Indeed, to use an overly simple, but perhaps the most straightforward, comparison of combat capabilities that can be brought to bear by the CSC versus the current Halifax class, one can count the maximum number of air-defence missiles carried by each: a CSC, with 32 Mk 41 and 6 ExLS, can theoretically carry 152 quad-packed ESSM/Sea Ceptors, while the Halifax class carries only 16 ESSMs. This is an ENORMOUS change in the defence capacity of the new ships, and should not be downplayed. Obviously, in actual employment, many of those Mk 41 cells will be employed for single missiles like the SM-2s or Tomahawks, but the point still stands that the new ships have a defensive capacity that are a huge step up from the current fleet. Even the 6 ExLS cells alone will have a fifty percent increase in anti-air capability versus the Halifax, regardless of what goes into the Mk 41s.

Is this order-of-magnitude increase in missile capacity enough for the future? That is debatable, but what cannot be denied is that the CSC is well ahead of the pack of current and in-construction frigates. If they are deemed "obsolescent" by virtue of their VLS count, then so are nearly every other frigate sailing the 21st century seas.

3. Tonnage is an uncertain beast: there is a vast difference nowadays, on the order a thousand tons or more, between a ship's light displacement and its full load displacement. Without knowing which one a given document or media quote is referencing (and I have yet to see one that makes this clear), the difference in displacement growth may well be less than currently assumed.

4. This isn't a point raised by Dr. Middlemiss, but it is always worth remembering the widely varying budgeting methods employed by different countries.
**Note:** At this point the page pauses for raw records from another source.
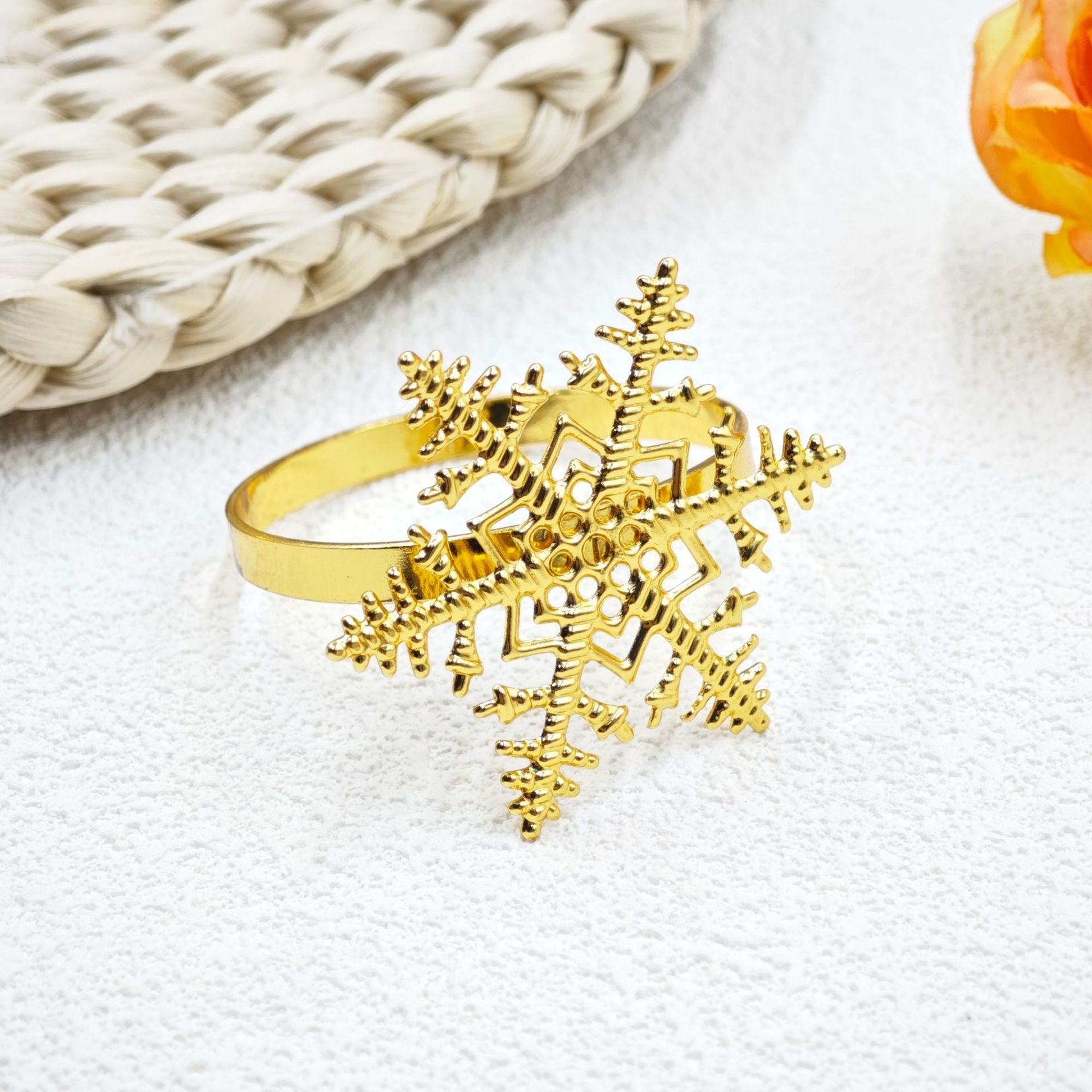 跨境金色雪花圣诞餐巾环 酒店餐桌摆台装饰合金餐巾扣餐巾圈批发
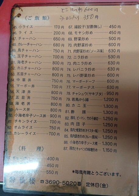 メニューは紙が汚れてる笑
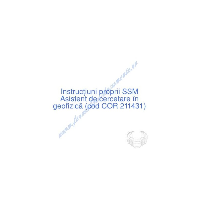 Aceste documente OBLIGATORII pentru ocupantul postului de Asistent de cercetare în geofizică (cod COR 211431), sunt complet întocmite, respectând cerințele Codului muncii actualizat 2023, Legii securității și sănătății în muncă nr. 319/2006 (actualizată 2023), H.G. 1425/2006 (actualizată 2023) și răspund tuturor cerințelor standardelor de calitate referitoare la management (ISO 9001/ ISO 14001/ ISO 22000/ SR OHSAS 18001:2008/ ISO 45001:2018 etc.). Cuprinsul IPSSM pentru instruirea angajatului pe funcția de Asistent de cercetare în geofizică :
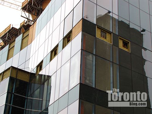 February 9 2012:Aura is now visible to people walking and driving west on Gerrard Street. The view here is from the southwest corner of Gerrard & Church Streets, next to the Ryerson University campus.
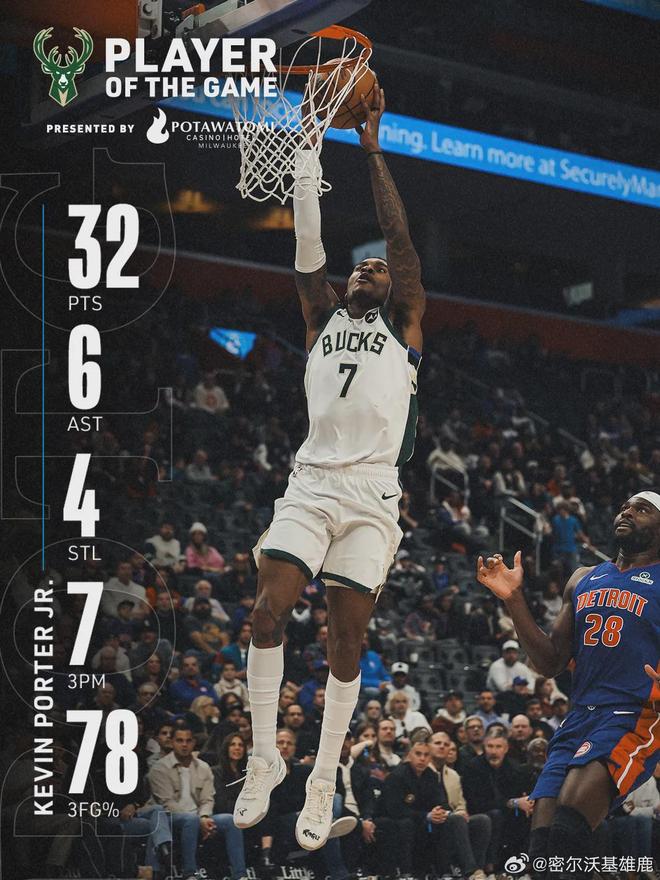 至于小波特,在雄鹿的日子簡直爽歪歪,本賽季至今場均出戰28.8分鐘,轟下21.8分3.5板5.8助2.2斷,投籃命中率55.8%,場均以高達61.8%命中率扔進3.5記三分球,直接打成了球隊的核心后衛,場均得分隊內僅次于字母哥(場均28.9分)。

Both Australia and Canada employ a program-based budgeting, resulting in the lumping in of infrastructure, ammunition, program management, testing facilities and contingency costs (15-20%!) outside of the actual construction of the ship itself. For navies like ours where only one program is going to make use of all those things, this "all in one" approach certainly makes sense. For larger navies like the US or UK, however, those costs and the things they pay for are used by other projects and ships, making it more useful for them to budget those items as separate programs. While this may seem a dismissive attempt to make mountains out of molehills to excuse the high figures we've been seeing, in actuality the construction costs of the ships themselves are estimated to be around only 65% of the program figures.1 So instead of the ~$60-$70 billion, the number we should be looking at is around $39-46 billion CAD. Converted to USD, that's currently ~$31-36 USD, or $2-2.4 billion USD per ship. This is still a substantial increase over the $1 billion USD Constellation class, but there's no denying the economic benefits of a superpower's supply chain and institutional experience. Furthermore, it should be reminded that these are all *budgeted* costs, which are merely estimates. None of the figures are proven as actual costs for their implementation. And, of course, the lack of spare capacity in the US shipbuilding industry is well-known: to take advantage of their lower costs, we'd have to buy from their yards, and the Americans simply do not have the ability to build ships for both themselves and us unless additional funds are provided to expand their yard capacity, which would eat into any savings from buying abroad.